I could only get 4 inches of travel out of mine, but more is desirable.

one more trick that will make the car hook and run fast is to add 100-200 pounds of weight in the trunk as far back as possible. just use something like a ballast box and make sure it is secure. I have seen many guys do this and pick up on ET even though they weigh more. if a light car won't hook, then being lighter isn't doing you any good.

try that first and I think you will be surprised. the areas of concern after doing those things would be if the rear end and body are seperating too quickly at launch and shocking the tire. in that case the 50-50 shocks would have to make way for an adjustable so that you could slow down the seperation and let the tire plant properly without being hit too hard.

the pinion snubber could also be used at this time before going to super stock springs. 1/2 inch from the floor is usually a good place. I have one on my car but it doesn't even touch the floor with the springs clamped up. I have it set at 1 1/2 inches just in case a clamp or something breaks. at least it will save my u joints from failure.

good luck and let us know how it turns out.
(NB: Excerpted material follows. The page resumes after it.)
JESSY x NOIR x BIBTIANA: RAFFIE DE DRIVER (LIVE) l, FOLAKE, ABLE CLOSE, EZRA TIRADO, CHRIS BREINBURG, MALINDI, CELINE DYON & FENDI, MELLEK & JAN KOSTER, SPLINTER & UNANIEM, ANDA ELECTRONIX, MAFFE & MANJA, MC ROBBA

I to am worried that going from my 340 with 456 gears, to a 408 stroker is going to give me grate fits with planting the tire!!!!!
I liked this enough that i printed it out and will put it on my wind shield for now:burnout:

You wouldn't have some pic's or better description for the SS Spring front segment clamp, set up?
 
I to am worried that going from my 340 with 456 gears, to a 408 stroker is going to give me grate fits with planting the tire!!!!!
I liked this enough that i printed it out and will put it on my wind shield for now:burnout:

You wouldn't have some pic's or better description for the SS Spring front segment clamp, set up?
images






this isn't my car but here you go.

the only thing you do is clamp at the end of each leaf in front of the axle.
the only difference in mine from the photo is that I didn't clamp the short leaf that he is pointing at. in my opinion that leaf is so short it can not distort. now, maybe I am missing the boat, and should have done that leaf. you can try it both ways.

also, I put a clamp right up against the factory clamp where he did not.

http://shop.advanceautoparts.com/p/autocraft-leaf-spring-clamp-kit-1-set-ac131401-13-140/10053472-P

these are the clamps that I use. you can get them from advance auto parts. they make 2 1/2'' and 3'' clamps. you want the 2 1/2''. you can see that the shoulder on the clamp is long after the threads stop. what I done was took a tap and run it over the shoulders so that I would not run out of thread before the clamp got tight. I also marked the clamps and cut off the excess threads after I tightend them up. works like a charm.
 
Thanks for taking the time. Going to have to invest in some of them!